Recent topics on cosmology with primordial black holes and their implications for particle physics

Not scheduled
20m
Science and Culture Center (IBS)

Science and Culture Center

IBS

IBS Science and Culture Center 2nd floor Auditorium , IBS, Daejeon
Plenary invited Plenary: Cosmology 1

Speaker

Kazunori Kohri (KEK / Sokendai / Kavli IPMU)

Description

The 2017 Nobel Prize in Physics was awarded to three members of the
American LIGO (LIGO) team for the world's first detection of
gravitational waves. The gravitational waves were created by the
collision of binary black holes, each weighing
about 30 times more than the sun, about 1.3 billion light years
away. At the same time, this was the first observation to detect the
existence of a black hole without using electromagnetic
waves. However, the origin of such heavy black holes is still largely
unknown. Theoretically, density fluctuations (or curvature
perturbation) are predicted to have been created by inflation in the
early Universe. The theoretical model is that quantum fluctuations in
the inflaton field become density fluctuations. On
large scales, galaxies and galaxy clusters were formed by the collapse
of dark matter and matter seeded by those density fluctuations.

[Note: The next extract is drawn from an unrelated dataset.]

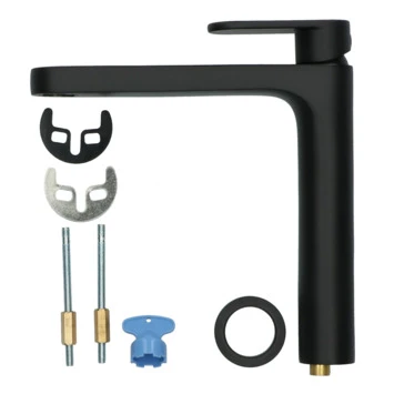 De Absolut wastafelkraan Iode medium met hendel en waste Zwart is een elegante aanvulling in je keuken met de L-vormige uitloop. De platte vorm en mat zwarte afwerking hebben een ingetogen uitstraling en passen altijd in jouw interieur, of die nu modern, landelijk of industrieel is. De wastafelkraan kun je ook in een hoger model verkrijgen. De hoogte van 30 cm zorgt ervoor dat je veel ruimte in je wastafel hebt. Handig als je je haar wil wassen! Met de eenhendelbediening meng je eenvoudig met 1 hand het water naar de gewenste temperatuur. De keramische schijven maken draaien soepel en nauwkeurig en vergen bovendien weinig onderhoud. Bij de kraanset krijg je ook een waste met afvoerplug; deze bedien je met een hendel aan de achterkant van de kraan. Zo hoef je nooit meer met je handen in te heet of vies water om de afvoer open te zetten. Met de meegeleverde flexibele aansluitslangen, bevestigingsmateriaal, waste met wasteinrichting, afvoerplug en montagehandleiding kun je de kraan heel eenvoudig zelf aansluiten. Op de kraan krijg je 5 jaar garantie.

On the other hand, theory predicts that primordial black holes (PBHs)
and secondary gravitational waves were created from large density
fluctuations on untested small scales. The masses of PBHs vary, with
the lighter ones emitting Hawking radiation and evaporating away,
while the heavier ones remain to the present day and are candidates
for dark matter. Some of them may also form the black hole binary
stars mentioned above. For these reasons, the study of the formation
of PBHs and gravitational waves on small scales has been pointed out
as a possible key to solving the mystery of the birth of the Universe.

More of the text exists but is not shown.